Demons

54

Me asomé y ahí estaba él, de espaldas a mí, moviendo el sartén mientras el aceite chispeaba suavemente. Estaba preparando el desayuno para mí… para ambos.
Se movía con calma por la cocina, tomando la bolsa de café que estaba dentro de la alacena. El cabello, ligeramente revuelto, caía en mechones desordenados, y llevaba puesta una camiseta gris que no recordaba haberla visto antes, quizá era suya,le quedaba tan bien que me pregunté si era de esas prendas que uno usa hasta que se desgasta.

Cada movimiento suyo tenía un ritmo pausado, como si cada pequeño gesto tuviera un propósito. Cocinaba con cuidado, como si ese simple acto fuera íntimo para él… y por alguna razón, eso me pareció muy lindo.

Había algo tranquilizador, casi hogareño, como si pertenecieran a ese espacio, como si nosotros fuéramos reales.

Entonces recordé que yo acababa de levantarme. Retrocedí un par de pasos. Seguro traía la ropa toda arrugada después de aquella noche, la cara hecha un desastre, la boca pastosa… y después de todo lo que pasó.
Aunque, si él se había despertado primero, entonces tuvo que haber visto el desastre que era dormida.

¡Demonios!

Me giré de inmediato y subí los escalones con torpeza, esquivando mi reflejo en el espejo del pasillo. No podía con la idea de que me viera así, después de haber compartido un poco de intimidad anoche. No con este aspecto. No con todos los pensamientos que todavía cargaba.

Me lavé la cara, me cepillé los dientes como si fuera una carrera contra el tiempo, y me cambié a algo más presentable para ir a la escuela, rogando y esperando que no comentará el desastre que soy.

Cuando bajé de nuevo, el aroma a desayuno había llenado la casa, envolviendo el aire con ese calor reconfortante que viene del pan recién tostado y el café recién hecho.
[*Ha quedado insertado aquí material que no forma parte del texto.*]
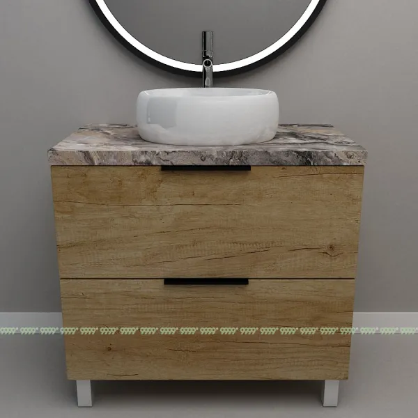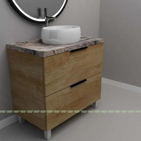 Мебель для ванной: тумбы, пеналы, шкафчики и т.д поставляются в СОБРАННОМ ВИДЕ (кроме накладных ручек и ножек, если таковые есть в модели, они прикручиваются самостоятельно), столешницы под врезной или накладной умывальник изготавливаются БЕЗ ВЫРЕЗОВ под умывальник и смеситель (все вырезы производятся самостоятельно после монтажа столешницы на опоры (тумбу, кронштейны, уголки и т.д.) или оплачиваются дополнительно, но только после согласования)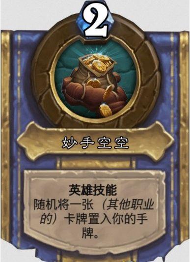 技能2妙手空空,2费,随机将一张其他职业的卡牌置入你的手牌,效果等同窃取。解锁条件:召唤25个海盗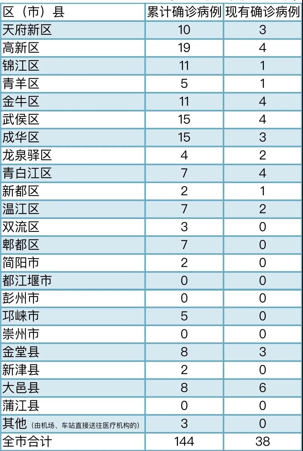截至3月9日24时,成都市累计报告确诊病例144例,累计出院103人,死亡3人,其余38人均在定点医院隔离治疗,58名密切接触者正在接受医学观察。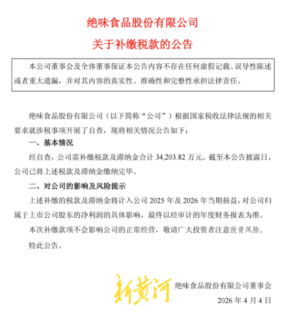 业内专家表示,与传统财务造假不同,ST绝味属于“反向造假”,即通过隐匿收入而非虚增利润,反映出公司内部管理失控。绝味食品的账外经营行为,完整覆盖了 “隐匿收入—虚假申报—少缴税款” 的偷税全链条,是主观故意的税收违法行为。值得注意的是,此次3.42亿元税款及滞纳金补缴,可谓压垮业绩的重要砝码,这笔巨额支出将分摊计入2025与2026年损益,进一步锁定公司全年亏损格局。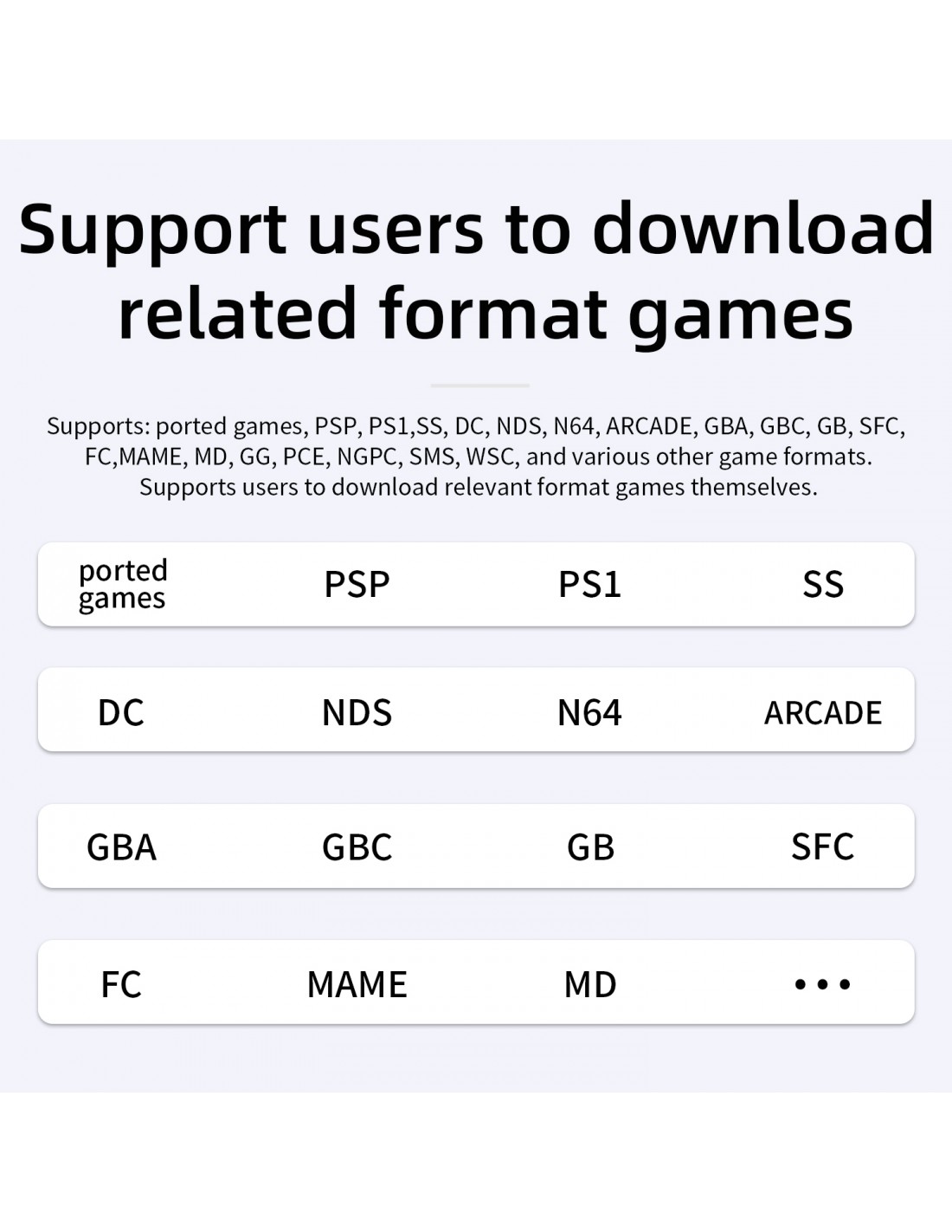 - La consola de juegos portátil RG40XX V soporta más de 10 formatos de juego. RG40XXV permite a los usuarios descargar juegos e instalarlos, admite ranuras para tarjetas duales, admite expansión de tarjeta TF.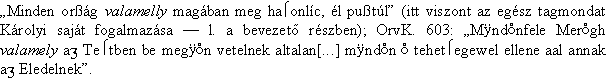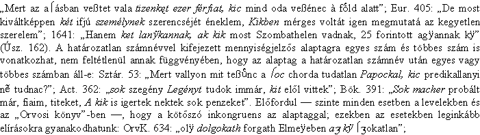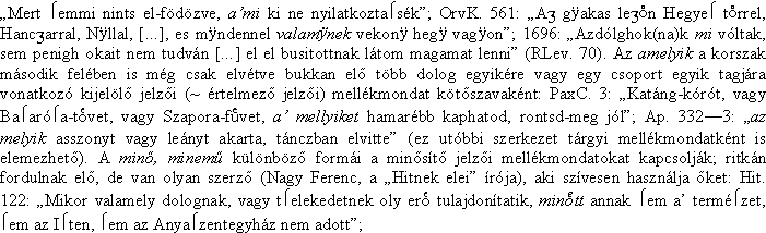 mint, mind a következményes hogy a vonatkozó kötőszó szerepét is magába szívja (következményes példa a próbafejezet anyagában nem akadt). A mellékmondat élén a sajátos jelentéstartalomra jellemző kötőszó helyén mindkét típusban állhat vonatkozó kötőszó is (a feltételes hasonlításban azonban nem) — ebben az esetben a sajátos jelentés, bár éppúgy ott lappang a mellékmondatban, kevésbé hangsúlyos. (A kétféle kötőszó a különböző korokban egyszerre is megjelenhet. A mint mellett a későbbi korszakokban szerepelhet vonatkozó kötőszó, de sem az ómagyar, sem a középmagyar kor jelzői mellékmondataiban még nem találjuk meg ezt a szerkesztésmódot. A hogy mellett pedig korábban fordult elő gyakrabban vonatkozó kötőszó — l. a kései ómagyar hogyki, hogymely kötőszóegyütteseit —, de a most vizsgált korszakban már csak alig, a későbbiekben pedig egyáltalán nem.) A megengedést a vizsgált korban a vala- előtagos vonatkozó kötőszói forma [201] fejezheti ki: 1737: „a szép ruhájok abbul állot hogy csak egy abroszt reájok terétettek, s mingyárt szép ruhák lettek valaminemöt gondolt” (Bosz. 1: 542).A hasonlító jelentésárnyalatú minőségjelzői mellékmondatok — melyek a részleges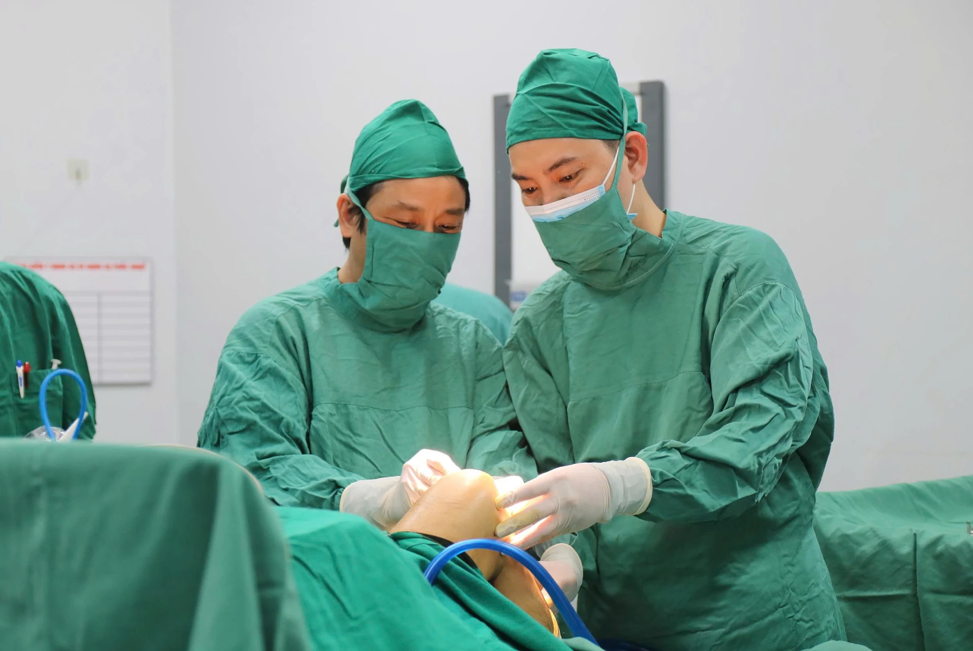 Bác sĩ BVĐKKV Bắc Quảng Trị được chuyên gia Bệnh viện Đại học Y-Dược Huế “cầm tay chỉ việc”, chuyển giao kỹ thuật nội soi khớp gối - Ảnh: H.L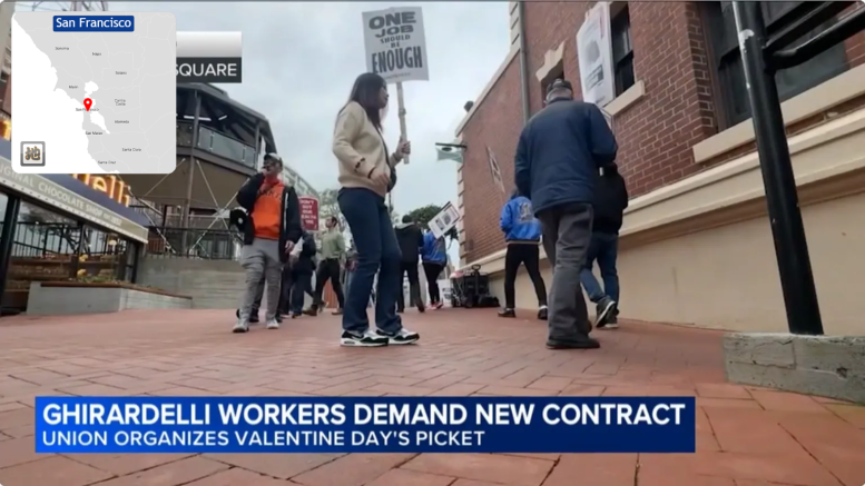 出典: abc7news.com: SF Ghirardelli workers hold Valentine's Day strike outside iconic chocolate and ice cream shop

Harry estaba colocando los platos sobre la mesa con una naturalidad casi inquietante, como si lo hiciera todos los días, como si ese momento también le perteneciera.

La mesa estaba servida: huevos, pan tostado, café humeante. Dos platos, uno frente al otro, como si todo estuviera pensado para que no hubiera nadie más. Me miró en cuanto notó mi presencia y sonrió.

—Buenos días, dormilona —dijo, sentándose mientras hacía un gesto con la mano, invitándome a ocupar el asiento frente a él.

Sus palabras hicieron que quisiera evitar su mirada, como si eso pudiera esconder el rubor que ya se acumulaba en mis mejillas.

— Buenos días —respondí, esbozando una media sonrisa— No tenías que hacer esto —añadí mientras me sentaba, sintiéndome torpemente agradecida.

—Solo come —respondió, apartando la vista— ¿Y tu pie?

—Mucho mejor, gracias —le sonreí, apenas.

El desayuno estaba ahí, perfecto. Pero el hambre… el hambre se había quedado en algún rincón de mi estómago, junto a los fragmentos de los sueños que no quise recordar.